Trigonometric Ratio for Compound Angles (Part 1)

Trigonometric Ratio for Compound Angles (Part 1)

The sum or difference of two or more angles is called a compound angle. If $A, B$ and $C$ are any angle then $A+B, A-B, A+B+C, A+$ $B$ - C etc all are compound angles.
1. $\cos (\alpha-\beta)=\cos \alpha \cos \beta+\sin \alpha \sin \beta$
2. $\cos (\alpha+\beta)=\cos \alpha \cos \beta-\sin \alpha \sin \beta$
3. $\sin (\alpha-\beta)=\sin \alpha \cos \beta-\cos \alpha \sin \beta$
4. $\sin (\alpha+\beta)=\sin \alpha \cos \beta+\cos \alpha \sin \beta$

Proof:

1. cos (α - β) 

Let's consider two points on the unit circle. Point $P$ is at an angle $\alpha$ from the positive $x$-axis with coordinates ( $\cos \alpha$, sin $\alpha$ ) and point $Q$ is at an angle of $\beta$ from the positive $x$-axis with coordinates $(\cos \beta, \sin \beta)$. Note the measure of angle POQ is $\alpha-\beta$. Label two more points: $A$ at an angle of $(\alpha-\beta)$ from the positive $x$-axis with coordinates $(\cos (\alpha-\beta), \sin (\alpha-\beta)$ ); and point $B$ with coordinates $(1,0)$. Triangle POQ is a rotation of triangle AOB and thus the distance from P to Q is the same as the distance from A to B .

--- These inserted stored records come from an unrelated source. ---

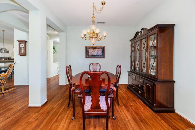 Pride of ownership, single-story Shenandoah model located in Rancho San Vicente. This 3-bedroom, 2-bathroom home offers 2,301 square feet of living space on a 0.50-acre lot, with an optional 4th bedroom and dedicated office/flex space. Interior highlights include vaulted ceilings, a remodeled kitchen with granite countertops, stainless steel appliances, dual ovens, side-by-side refrigerator, and luxury vinyl plank flooring. The primary suite offers natural light, dual closets and a soaking tub. Additional features include a wood-burning fireplace, dual-pane windows, and a 3-car garage. Backyard oasis features mature trees, lush grass, fruit trees, vinyl patio cover, built-in BBQ, and shed. Irrigation provided by a private well and RV parking. This Ryland home is near Simon Open Space Preserve and Cleveland National Forest, with award-winning Barnett Elementary School within walking distance.
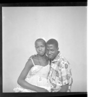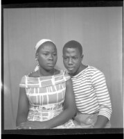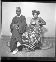 A couple, a man wearing a boubou and hat and a woman wearing a dress and headscarf, sitting face-forward in the studio.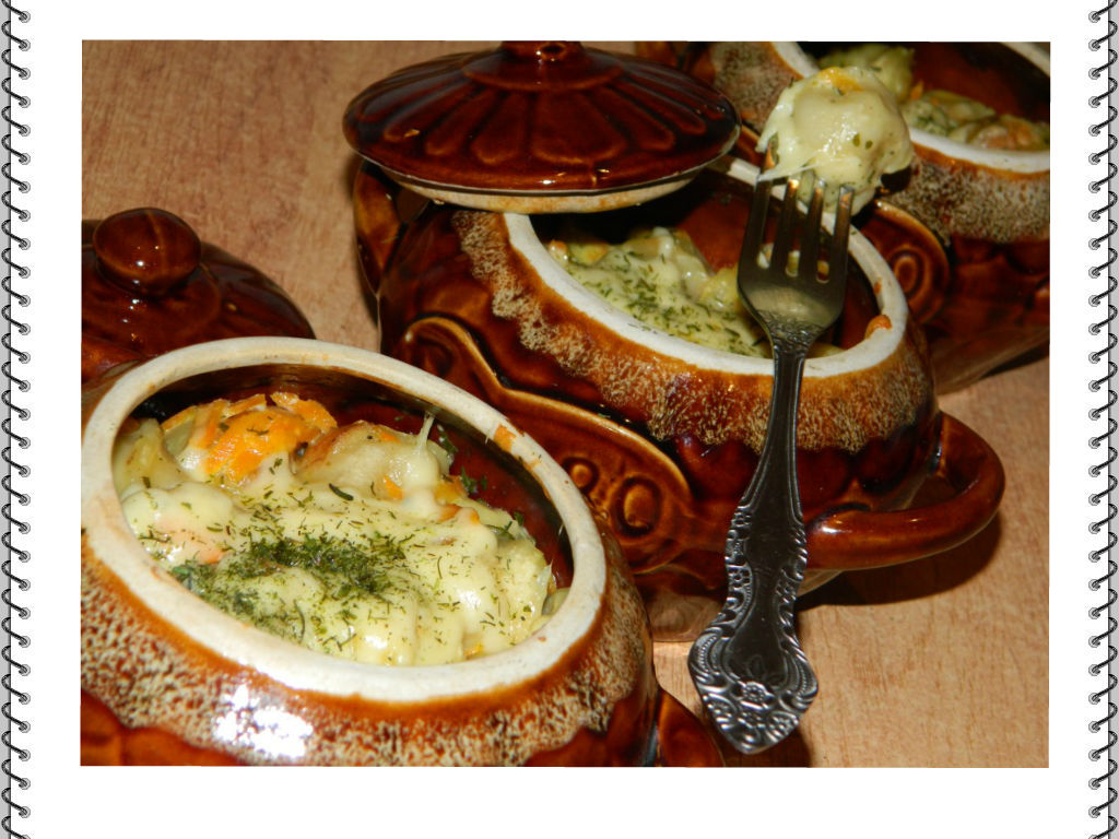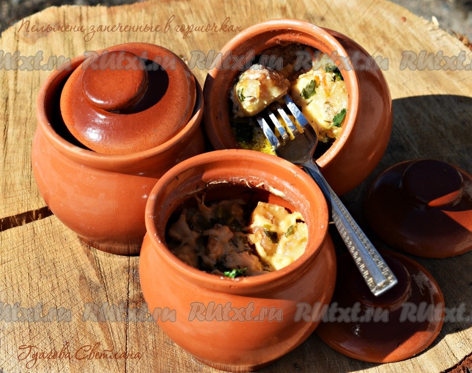 Затем снимаем крышечки, посыпаем пельмени сыром, натёртым на крупной тёрке. Открытые горшочки с пельменями ставим в духовку ещё на 10 минут, чтобы сыр как следует расплавился.

We can find the distance from P to Q using the distance formula.

$\begin{aligned} & d_{P Q}=\sqrt{(\cos \alpha-\cos \beta)^2+(\sin \alpha-\sin \beta)^2} \\ & \quad=\sqrt{\cos ^2 \alpha-2 \cos \alpha \cos \beta+\cos ^2 \beta+\sin ^2 \alpha-2 \sin \alpha \sin \beta+\sin ^2 \beta} \\ & =\sqrt{\left(\cos ^2 \alpha+\sin ^2 \alpha\right)+\left(\cos ^2 \beta+\sin ^2 \beta\right)-2 \cos \alpha \cos \beta-2 \sin \alpha \sin \beta} \\ & =\sqrt{1+1-2 \cos \alpha \cos \beta-2 \sin \alpha \sin \beta} \\ & =\sqrt{2-2 \cos \alpha \cos \beta-2 \sin \alpha \sin \beta}\end{aligned}$

Similarly, using the distance formula we can find the distance from A to B.

$
\begin{aligned}
& d_{A B}=\sqrt{(\cos (\alpha-\beta)-1)^2+(\sin (\alpha-\beta)-0)^2} \\
& \quad=\sqrt{\cos ^2(\alpha-\beta)-2 \cos (\alpha-\beta)+1+\sin ^2(\alpha-\beta)} \\
& =\sqrt{\left(\cos ^2(\alpha-\beta)+\sin ^2(\alpha-\beta)\right)-2 \cos (\alpha-\beta)+1} \\
& =\sqrt{1-2 \cos (\alpha-\beta)+1} \\
& =\sqrt{2-2 \cos (\alpha-\beta)}
\end{aligned}
$
Because the two distances are the same, we set them equal to each other and simplify

$
\begin{gathered}
\sqrt{2-2 \cos \alpha \cos \beta-2 \sin \alpha \sin \beta}=\sqrt{2-2 \cos (\alpha-\beta)} \\
2-2 \cos \alpha \cos \beta-2 \sin \alpha \sin \beta=2-2 \cos (\alpha-\beta)
\end{gathered}
$
Finally, we subtract 2 from both sides and divide both sides by -2

$
\cos \alpha \cos \beta+\sin \alpha \sin \beta=\cos (\alpha-\beta)
$

$
\text { 2. } \begin{aligned}
\cos & (\alpha+\beta) \\
\quad & =\cos (\alpha-(-\beta)) \\
\quad= & \cos \alpha \cos (-\beta)+\sin \alpha \sin (-\beta) \\
& =\cos \alpha \cos \beta-\sin \alpha \sin \beta
\end{aligned}
$
Hence, $\cos (\alpha+\beta)=\cos \alpha \cos \beta-\sin \alpha \sin \beta$
3. Sine Compound Angle Formulae

$
\begin{aligned}
& \text { We have } \\
& \qquad \begin{aligned}
\sin (\alpha-\beta) & =\cos \left(90^{\circ}-(\alpha-\beta)\right) \\
& =\cos \left(\left(90^{\circ}-\alpha\right)+\beta\right) \\
& =\cos \left(90^{\circ}-\alpha\right) \cos \beta-\sin \left(90^{\circ}-\alpha\right) \sin \beta \\
& =\sin \alpha \cos \beta-\cos \alpha \sin \beta
\end{aligned} \\
& \begin{aligned}
\sin (\alpha+\beta) & =\sin (\alpha-(-\beta)) \\
& =\sin \alpha \cos (-\beta)-\cos \alpha \sin (-\beta) \\
& =\sin \alpha \cos \beta+\cos \alpha \sin \beta
\end{aligned}
\end{aligned}
$
 

Trigonometric Ratio for Compound Angles (Part 2)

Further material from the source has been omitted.